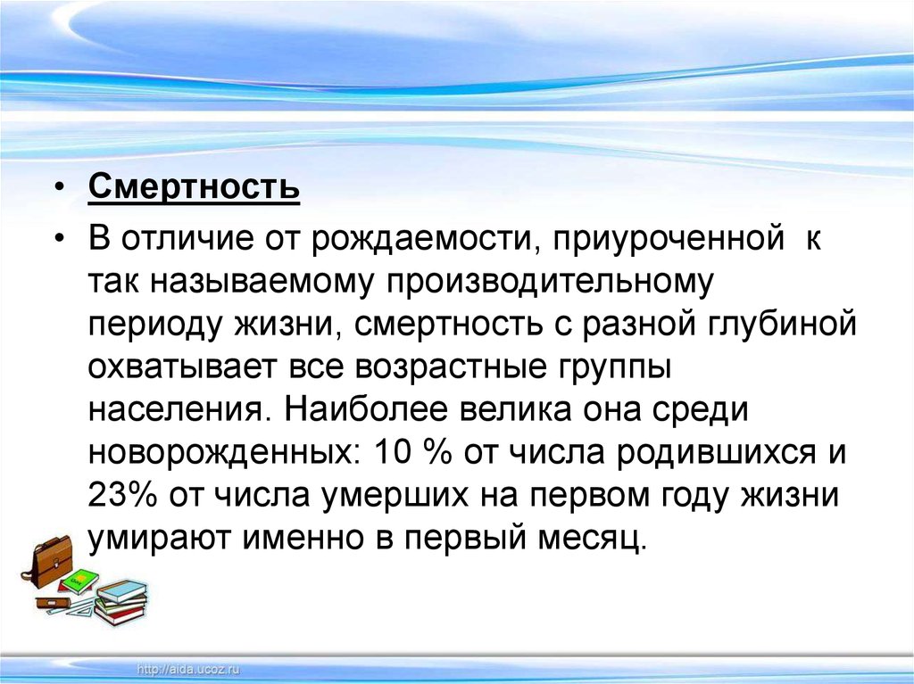 15. Выводы На основании церковной статистики, материалов по движению населения в XIX в. характеризуются основные демографические
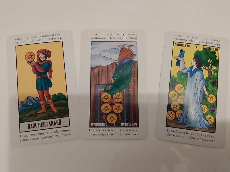 Смотрим первые две карты. Как я ни крутила.. Всё упирается в деньги. Паж пентаклей вытягивает ситуацию. Недостаток ресурсов компенсируется работоспособностью. Паж пентаклей также указывает на научные труды, которые скоро принесут результаты. Сложный период заканчивается. Прям в ближайшем ближайшем будущем новых отношений не показывает, но показан новый путь. 9 Пентаклей выпало на чуть более поздний срок, там да, есть хорошая перспектива отношений.
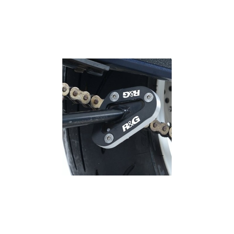 Les patins de béquille R&G Racing se vissent sur votre béquille d’origine et doublent la surface d’appui, pour éviter l’enfoncement dans le sol. Malgré sa taille plus importante, la garde au sol et la ligne de chaine ne sont pas affectées dans des conditions normales de conduite.
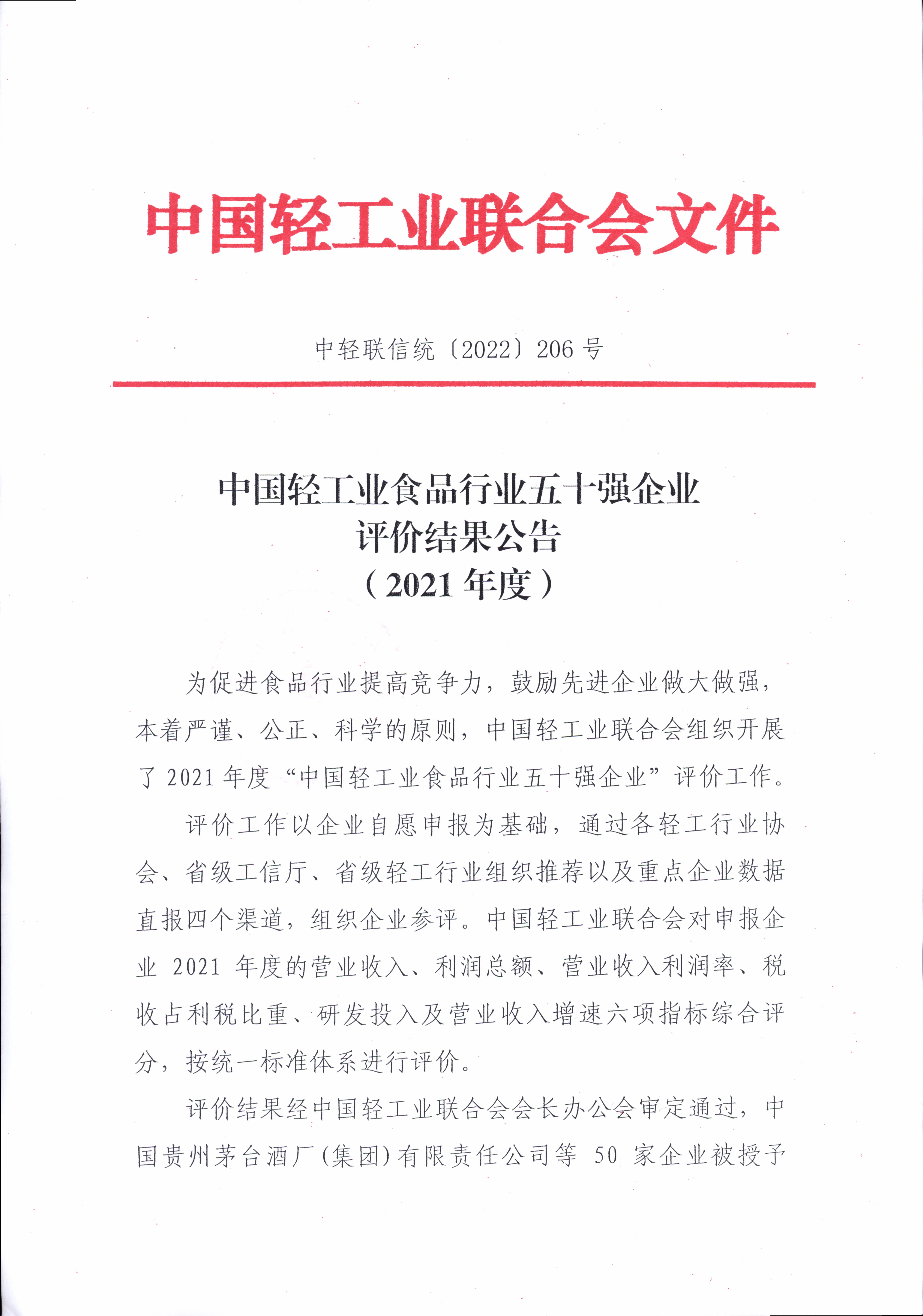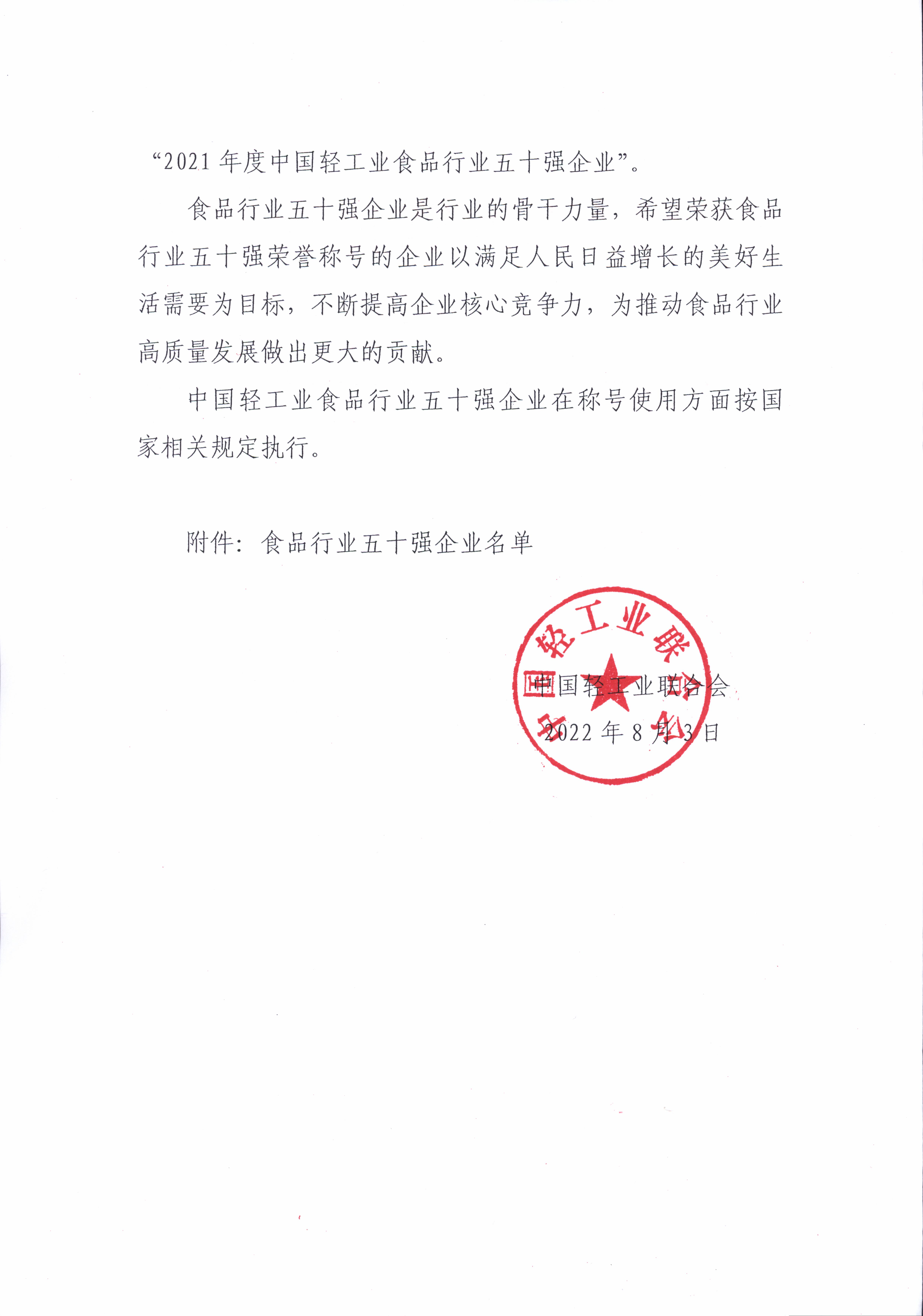 中国轻工业食品行业五十强企业评价结果公告(2021年度)
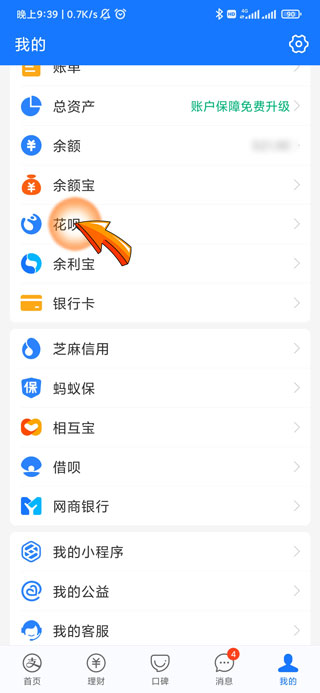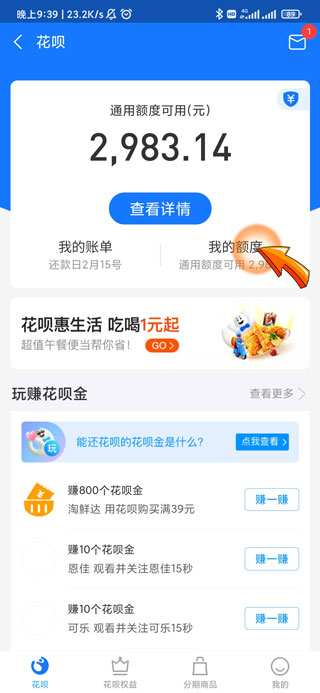 1、支付宝花呗下调额度首先需要打开支付宝APP,点击页面右下角的“我的”图标。
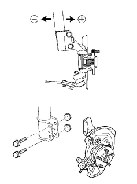 If the camber is not within the specified range, estimate how much additional camber adjustment will be required, and select the camber adjusting bolt.

### Exercise objective
For this exercise, the lines from the one containing "Les patins de" through the last line of the entries above are to be output exactly, both included, and pictures are skipped.

### The completed task
 Les patins de béquille R&G Racing se vissent sur votre béquille d’origine et doublent la surface d’appui, pour éviter l’enfoncement dans le sol. Malgré sa taille plus importante, la garde au sol et la ligne de chaine ne sont pas affectées dans des conditions normales de conduite.
 中国轻工业食品行业五十强企业评价结果公告(2021年度)
 1、支付宝花呗下调额度首先需要打开支付宝APP,点击页面右下角的“我的”图标。
 If the camber is not within the specified range, estimate how much additional camber adjustment will be required, and select the camber adjusting bolt.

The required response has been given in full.